The Big Dark Sky (22)
14
He had taken away Ophelia Poole’s wristwatch because he said time had already run out for her, and therefore a watch was of no use.
Perhaps an hour before sunset, Optime returned for her. Asher Optime. He’d shown her his driver’s license, so that she would know the name he’d given her was in fact his and would conclude that he wouldn’t have revealed it if he wasn’t certain she had no chance of escape.
This self-emasculated crackpot scared her, but he didn’t terrify her into helplessness. He didn’t understand why she didn’t quail before him, but he had no way of knowing that she had been expecting him for years and living for the day when he would appear.
Leaving his chair on the veranda, eating one of the cookies that earlier he’d retrieved from his larder when weed-induced craving overcame him, he said, “Pissed your pants yet?”
“Not me,” she said. “What about you?”
Looming over Ophelia, screwing his pale face into as portentous an expression as he was able to manage while wacked-out on pot, he said, “I’m escorting you to the necropolis. ‘No place affords a more striking conviction of the vanity of human hopes than there.’”

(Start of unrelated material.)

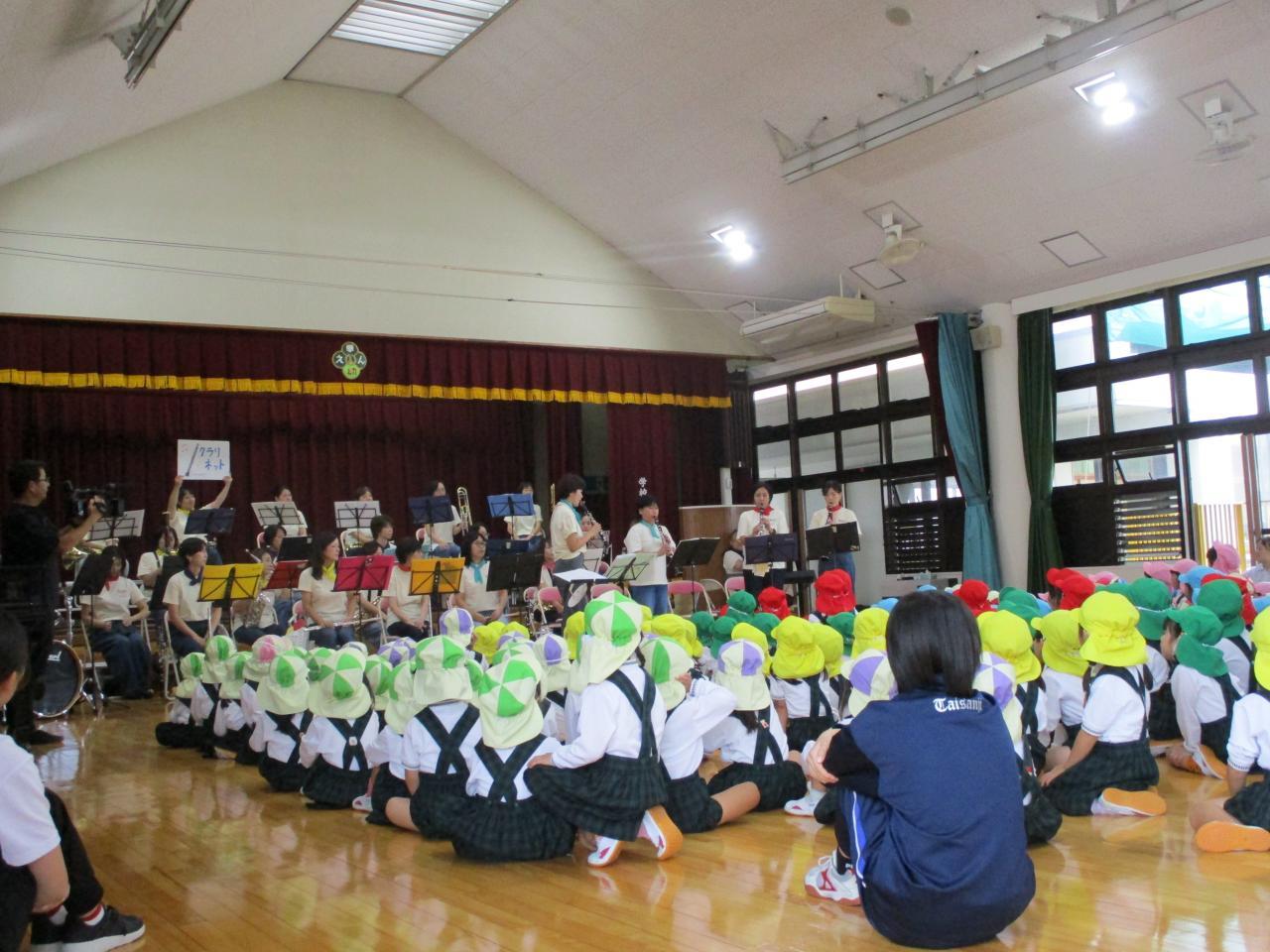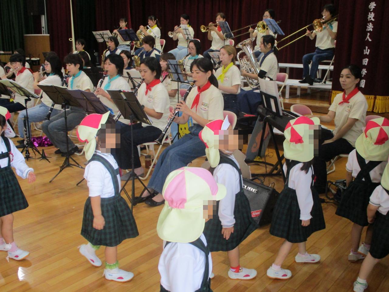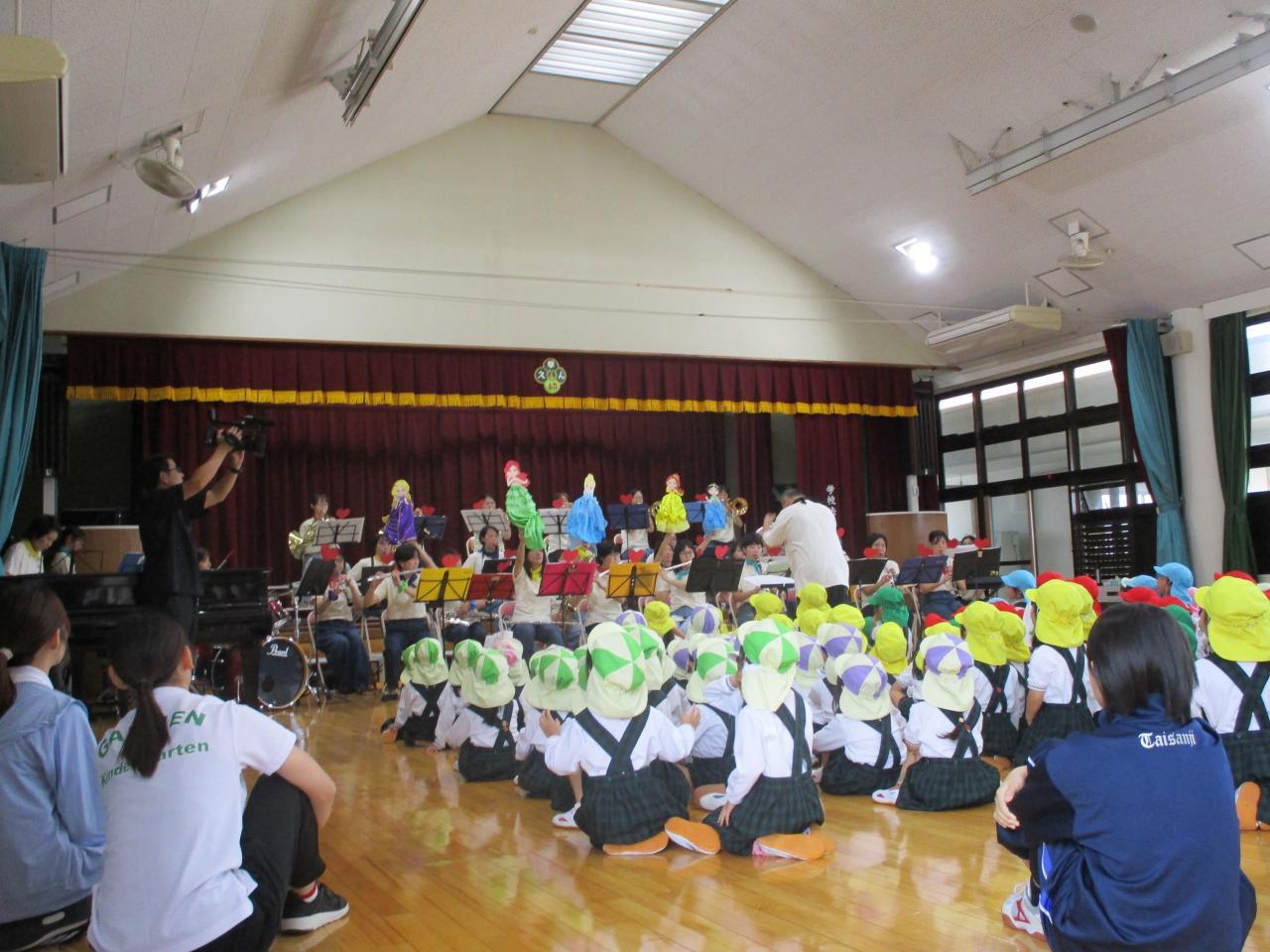 みんなが知っている曲を沢山演奏してくださり、口ずさんだり軽快なリズムに合わせて楽しく体を動かしたりと子どもたちの楽しそうな姿が見れました!

“What an ass you are,” she taunted him. “Who talks that way?”
“Samuel Johnson. Though his subject was libraries rather than graveyards. I think it was Johnson, not Shakespeare. Anyway, it was someone whose IQ was three times yours.” He sucked at his teeth to extract a lingering morsel of cookie. “Let’s see how long you can hold on to hope when you’re locked in there with the rotting dead.”
“If you’ll let me take a piss, I’ll have no trouble holding on to hope until I kill you.”
Ophelia dared to speak to him like this because she had three advantages over the sociopathic creep. First, she had read what existed of his ridiculous manifesto and understood the swollen ego and the delusions that motivated him. Second, she was a lot more intelligent than he thought she was, with common sense and street smarts that were unknown to his kind. And finally, he was ludicrous, a fool who lacked the capacity for clear-eyed self-examination that might have saved him from his foolishness. She only had to play with him psychologically and keep herself alive until he made the stupid move that would be the death of him.
Or so she told herself repeatedly, insistently. In spite of the extraordinary intensity of Optime’s madness and his barely repressed ferocity, Ophelia refused to entertain even a shadow of a shadow of a doubt.
“What about you?” she asked. “Do you still piss like a man, or did you cut off your willie, too?”
His throttled rage was apparent in tics and other stresses in his face. His eyes were incandescent wicks swollen with gaslight. The hissing of the lantern seemed to come from him, as if he were the great snake that resided at the bottom of the pit of the world “until he awakens in hunger and moving his head to right and to left prepares for his hour to devour.” She considered reciting those lines to him, but she doubted that he would know the source, T. S. Eliot, and she was sure that he would not grasp the meaning.
When he took the switchblade from a pocket of his jacket, she thought she might have pressed him too hard. However, he only used the knife to cut the zip tie that bound her wrists.
He put the blade on the table where she could reach it, though he drew the pistol from the holster on his hip and gave her a look into the muzzle. “Free your ankles, but don’t do anything stupid.”
After she cut the zip ties that fettered her, she returned the knife to the table, and Optime took possession of it again.
He keyed open the padlock that fixed the chain around her neck, and she was free of that, too.
In respect of the pistol, she didn’t get up from the chair until he ordered her to her feet.
He followed her across the barroom, through the back door, to the outhouse that had two holes in its smooth board seat. He had restored the small structure from a state of near collapse. In another century, this privy served the patrons of the saloon, but it now accommodated Optime and his prisoners.
Previously, when he accompanied Ophelia to the outhouse, he permitted her to close the door. This time, the sharp edge of his repressed rage became apparent when he denied her privacy.
In the summer heat, the place stank. Beetles crawled the pit below, and fat spiders sat patiently in their elaborate tapestries of sticky silk everywhere that the walls met the ceiling.
The shadowy interior would have allowed a degree of modesty, except that Optime stood to one side of the open door to watch her, allowing a shaft of sunshine to spill inside and reveal her in the act.
She refused to be embarrassed. Instead, she made him the object of ridicule. “Now that you have the sex drive of a dead worm, is this how you get your jollies—watching ladies pee?”
Backlit, his face in shadow and his eyes as black as the empty sockets of the Grim Reaper, he didn’t respond. His silence was ominous, and Ophelia decided that she should say no more.
When she was finished, he walked her out to the street and followed her, pistol in hand, toward the small stone church at the end of the abandoned town.
Slowly sinking toward the great mountains in the west, the sun had for several minutes bathed the ghost town in a honeyed splendor that made some of the weathered buildings appear gilded. Now, the late afternoon grew moody with a blood-orange radiance as eerie as witch fires. The few windows that remained intact took color from the sun and peered at the street like jack-o’-lantern eyes.